Data excerpt:
[Start of section]

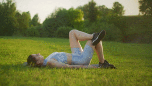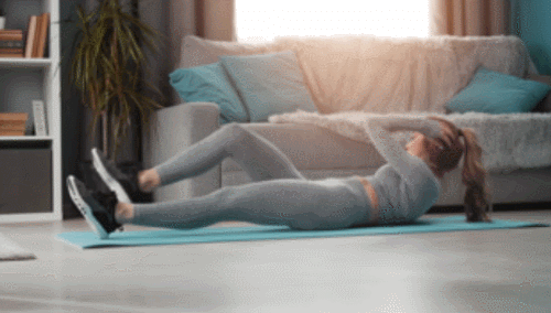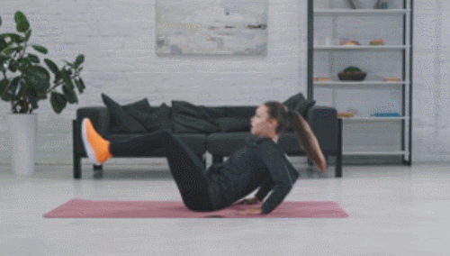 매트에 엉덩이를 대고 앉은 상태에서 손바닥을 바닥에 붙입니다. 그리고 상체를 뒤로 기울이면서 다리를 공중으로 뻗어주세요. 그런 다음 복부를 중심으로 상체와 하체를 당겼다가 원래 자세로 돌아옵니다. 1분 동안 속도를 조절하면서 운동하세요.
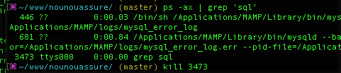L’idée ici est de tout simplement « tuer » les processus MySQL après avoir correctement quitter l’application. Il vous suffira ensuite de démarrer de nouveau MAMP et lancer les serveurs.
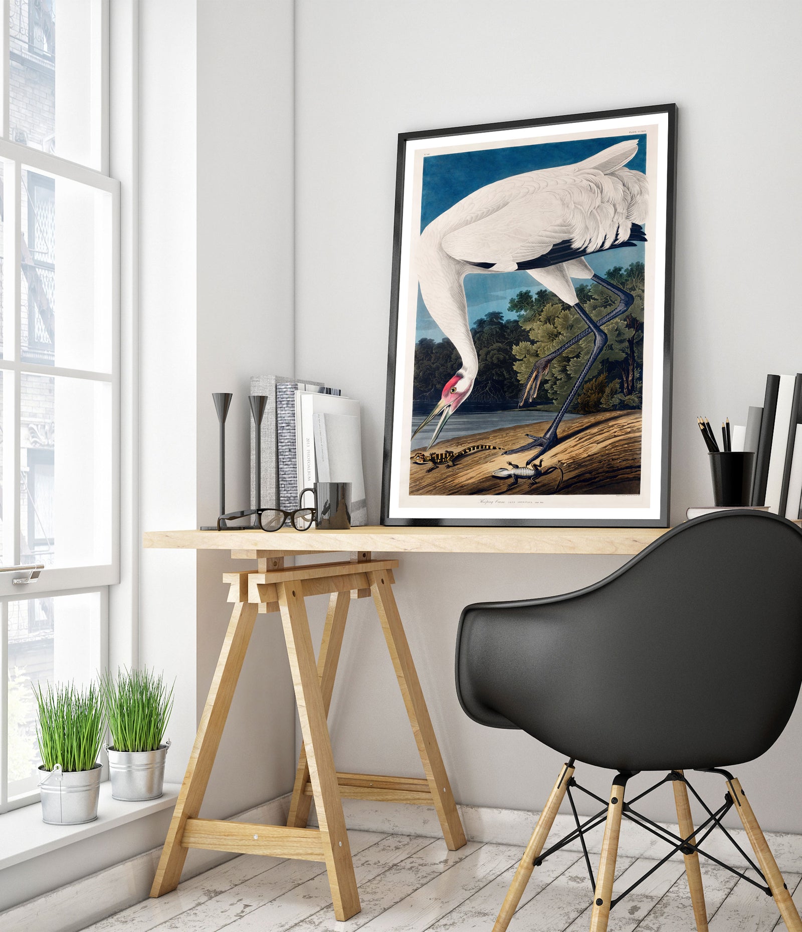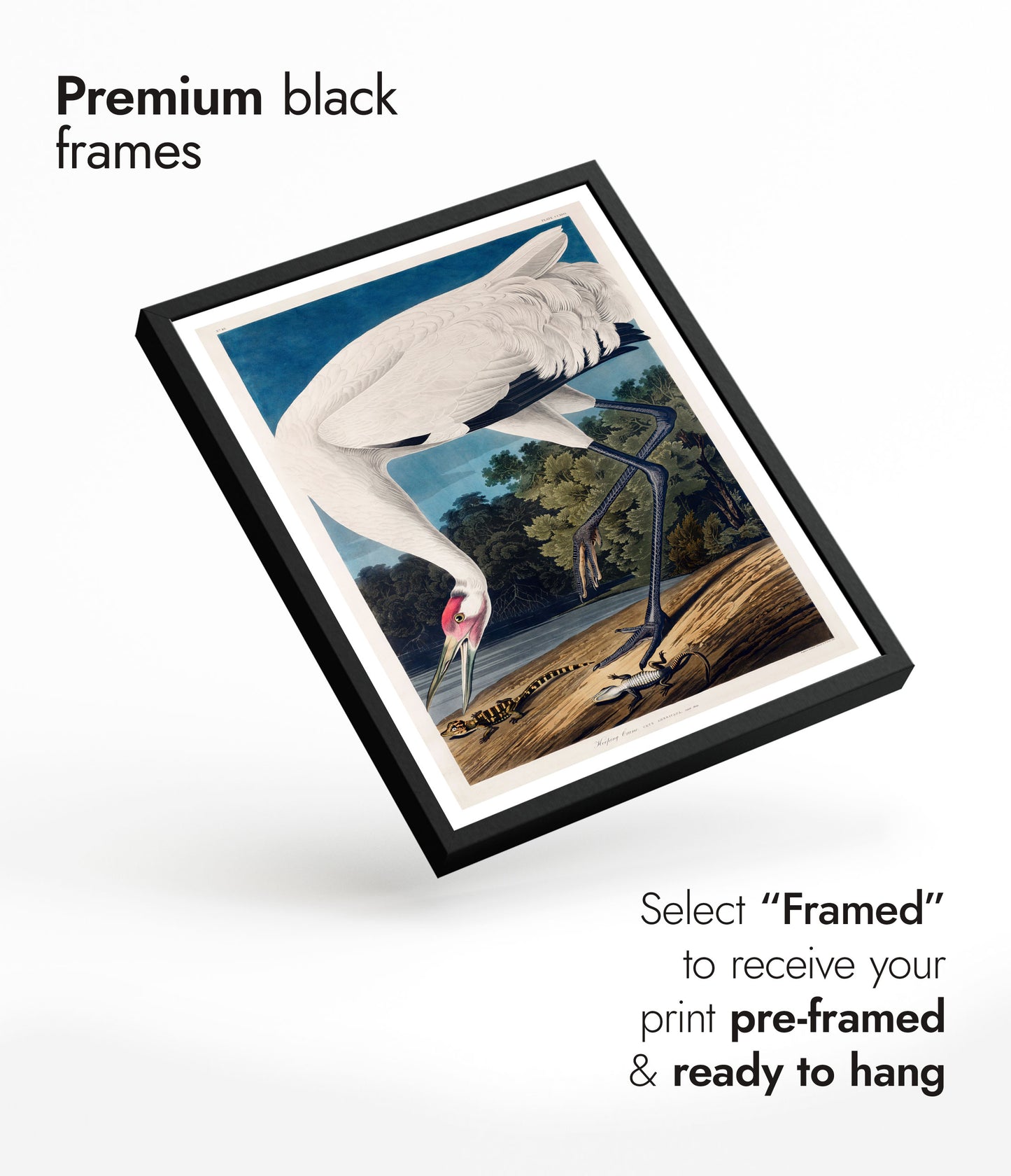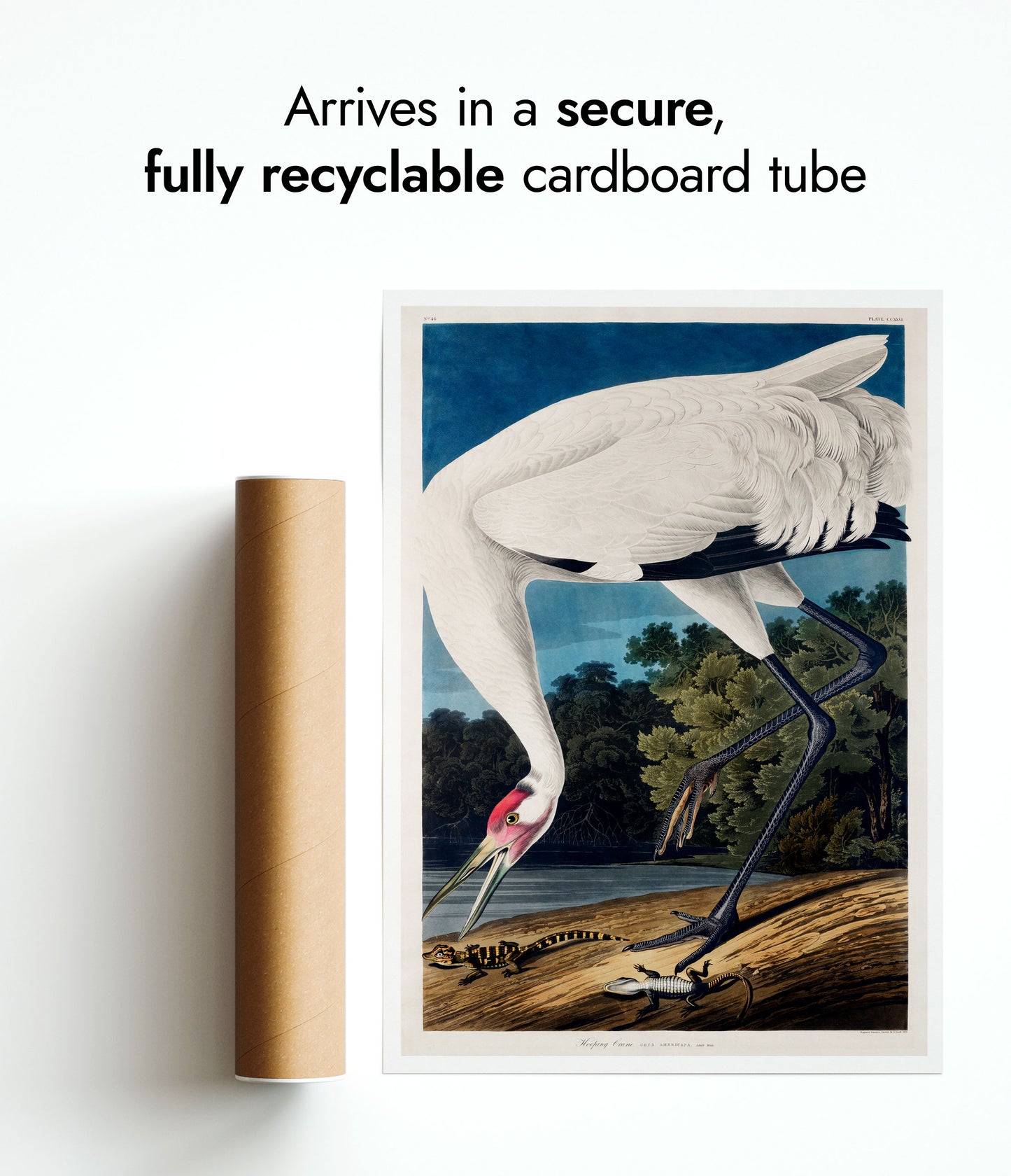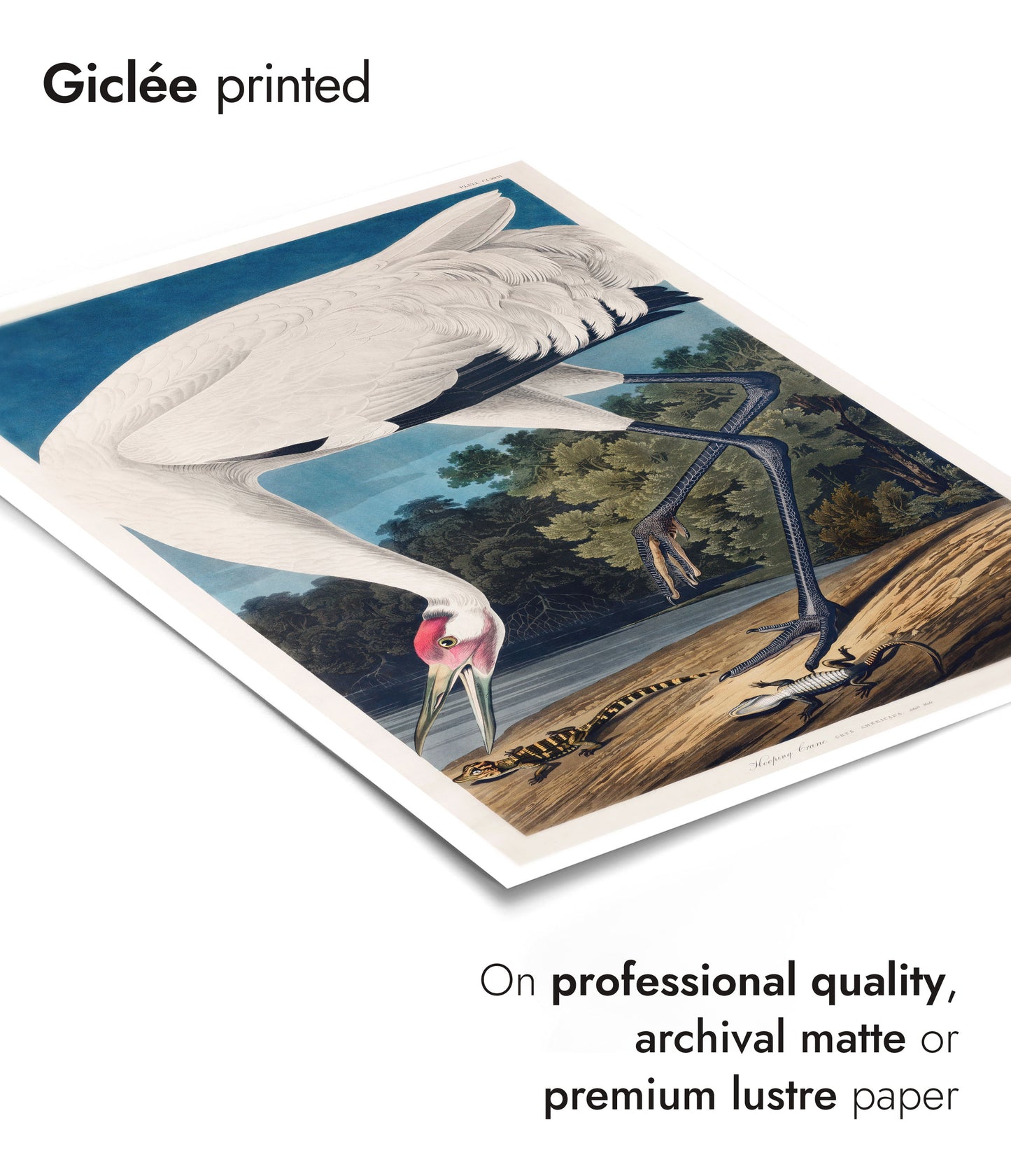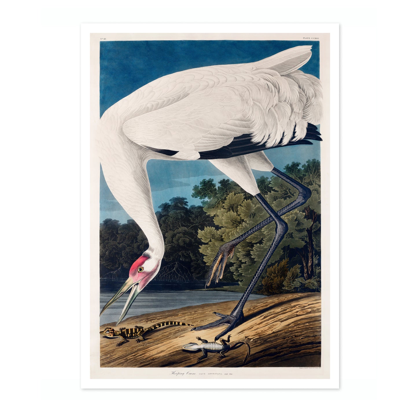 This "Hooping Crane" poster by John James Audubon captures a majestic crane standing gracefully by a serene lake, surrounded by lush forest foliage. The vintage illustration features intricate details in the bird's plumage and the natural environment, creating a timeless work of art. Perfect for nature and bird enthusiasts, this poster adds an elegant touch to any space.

[End of section]

Exclude every picture and copy the remaining data exactly.

 매트에 엉덩이를 대고 앉은 상태에서 손바닥을 바닥에 붙입니다. 그리고 상체를 뒤로 기울이면서 다리를 공중으로 뻗어주세요. 그런 다음 복부를 중심으로 상체와 하체를 당겼다가 원래 자세로 돌아옵니다. 1분 동안 속도를 조절하면서 운동하세요.
L’idée ici est de tout simplement « tuer » les processus MySQL après avoir correctement quitter l’application. Il vous suffira ensuite de démarrer de nouveau MAMP et lancer les serveurs.
 This "Hooping Crane" poster by John James Audubon captures a majestic crane standing gracefully by a serene lake, surrounded by lush forest foliage. The vintage illustration features intricate details in the bird's plumage and the natural environment, creating a timeless work of art. Perfect for nature and bird enthusiasts, this poster adds an elegant touch to any space.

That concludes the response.